ELEIÇÕES 2022
 
Após visita ao presidente da Assembleia Legislativa de Minas Gerais (ALMG), Agostinho Patrus (PSD), nesta quinta-feira (14), o pré-candidato ao Governo de Minas Marcus Pestana (PSDB) defendeu o pessedista da acusação feita pelo governador Romeu Zema (Novo) de sabotar projetos de lei de interesse ao governo por motivação política.

Para o tucano, que é adversário de Zema na disputa pelo Palácio Tiradentes, a declaração do governador é “injusta” e busca “encobrir a sua total falta de diálogo”.

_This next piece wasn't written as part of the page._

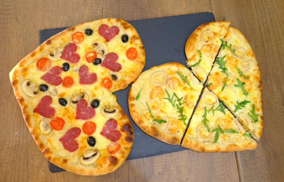 Оформленная в виде сердца пицца прекрасно подойдет для романтического ужина.
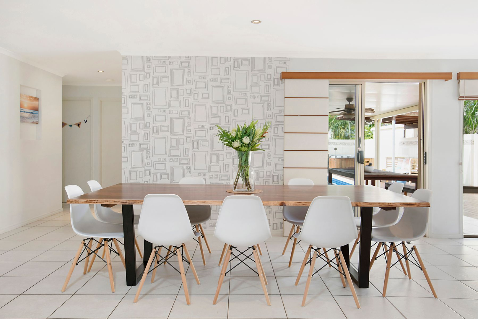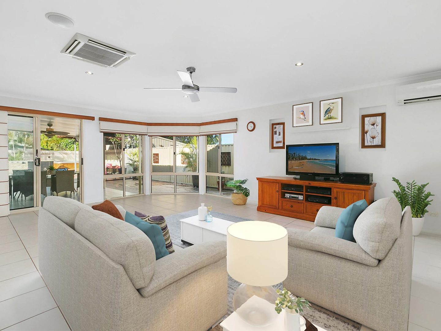 The living space seamlessly connects to a covered alfresco entertaining area which overlooks the pool.

Como exemplo, Pestana cita a dificuldade do governo de formar maioria na ALMG. Em abril deste ano, o bloco parlamentar de apoio a Zema chegou a ser extinto com a saída de Neilando Pimenta do Podemos para o PSB, o que deixou o grupo com 15 membros, um a menos que o necessário para a formação de um bloco no Parlamento mineiro.


“Zema é o primeiro governador da história de Minas a não construir maioria na @assembleiamg .De Francelino a Newton, de Hélio Garcia a Anastasia”, criticou Pestana. Após dois meses sem base governista, Zema conseguiu reagrupar os 16 parlamentares com a adesão de deputados do União Brasil e PMN ao "Bloco Luiz Humberto Carneiro".


Pestana ainda se declarou solidário ao deputado estadual Agostinho, que é coordenador-geral da pré-campanha do ex-prefeito Alexandre Kalil (PSD), também adversário do tucano. “Gostaria de me solidarizar de forma enfática com o Presidente da @assembleiamg ,deputado @agostinhopatrus, diante da grave acusação feita pelo governador @RomeuZema de que teria praticado sabotagem contra o governo,terceirizando sua incapacidade de diálogo e falta de liderança”, afirma. 

Executivo e Legislativo trocam acusações

Na última quarta-feira (13), o governador Romeu Zema acusou o Agostinho Patrus de sabotagem a sua administração durante entrevista à Rádio Transamérica 91,3 FM, de Juiz de Fora, na Zona da Mata,

Zema disse que, por parte do governo, sempre houve abertura ao diálogo com a ALMG. “Ficou muito claro o porquê de (alguns projetos) não terem andado. Você deve ter notado quem era o pré-candidato a vice-governador do meu adversário (o ex-prefeito de Belo Horizonte Alexandre Kalil): o presidente da ALMG”, afirmou quando questionado sobre a acirrada relação entre o Executivo e o Legislativo.


Patrus revidou a acusação, nesta quinta-feira (14), afirmando que quem sabotou o Estado foi o próprio governador. De acordo com Agostinho, Zema terá que “assumir que é governador há mais de três anos”.

“Deixou 11 hospitais regionais inacabados, estradas em péssimo estado, não criou nenhum programa social na pandemia, teve o fura-fila da vacina, autorizou mineração na Serra do Curral, dívida de Minas só crescendo”. “Quer mais?”, ironizou. 

Para Agostinho, o governador mantém o lema “não fui eu” ao ser questionado sobre a administração estadual. “Já já ele fala que o responsável por isso foi o Hulk ou algum outro super-herói. (...) O desespero começa a bater. Fique tranquilo, Zema, vai piorar”, concluiu o presidente da ALMG.